As black children grow into adulthood, they become potential competitors with the white status quo for jobs and other resource-generating opportunities, making it easier to justify their exclusion through violent and repressive means. The racist framing of black children by whites, blacks and others continues presently, informing school discipline policies that leave black youth vulnerable to the whims of the criminal justice system. Young black men are statistically more likely to be suspendedfrom school than their white classmates, setting them up for a catastrophic cycle of intergenerational poverty, despondency and a general lack of trust.

Guided by white racial knowledge and inheritance, many white teachers use what they have learned through intergenerational transmission of racist images, stories, conversations, and causal discourse about African Americans in society. If a schoolteachers are white and come from predominately middle-class enclaves, as research suggests that they do, then it can be assumed that many have very little contact or sustained interaction with the black community.

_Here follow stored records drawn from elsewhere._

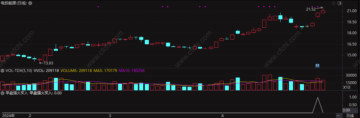 (金典通达信【早盘强火买入】选股副图指标源码)
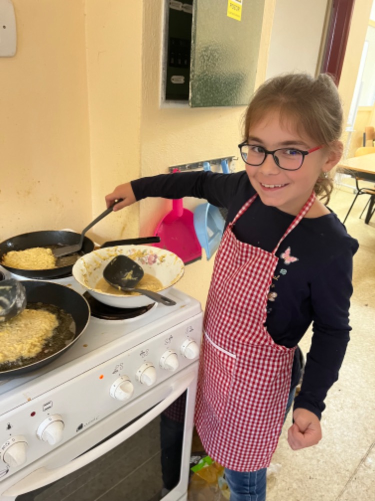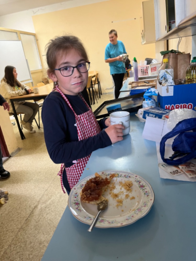 První setkání u kuchyňské linky proběhlo předposlední pondělí v říjnu. Z loňska zkušení malí kuchaři si usmažili výborné bramboráky a upekli obrácený jablečný koláč. Máme také první kulinářský neúspěch v podobě nepovedených muffinů. Inu, kdo nic nedělá, nic nezkazí. Věříme, že děti budou příště pečlivě číst recepty.
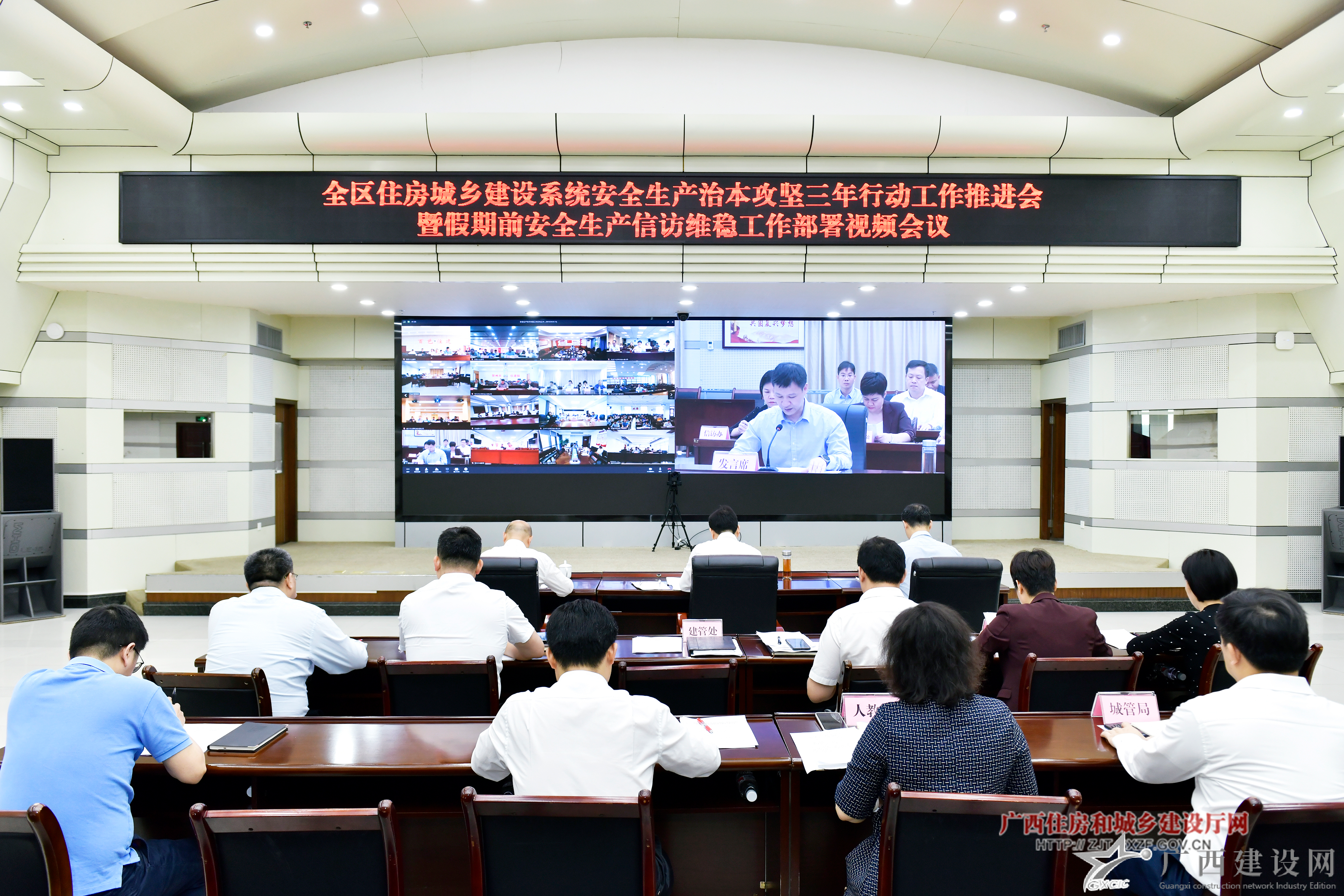 全區住房城鄉建設系統安全生產治本攻堅三年行動工作推進會暨假期前安全生產信訪維穩工作部署視頻會議現場

Instead of operating from democratic impulses, they act from xenophobic inclinations, viewing black persons in enduringly hostile ways. It should be no surprise, then, that under these undemocratic and racist circumstances, black males are disciplined and harshly punished more for what they represent in the popular imagination than for what they actually do. It is no accident that African Americans (amongst other groups of color) occupy the lower rungs in society, given the legacy that white colonialism and oppression has had on the lives of black Americans over the last 350 years.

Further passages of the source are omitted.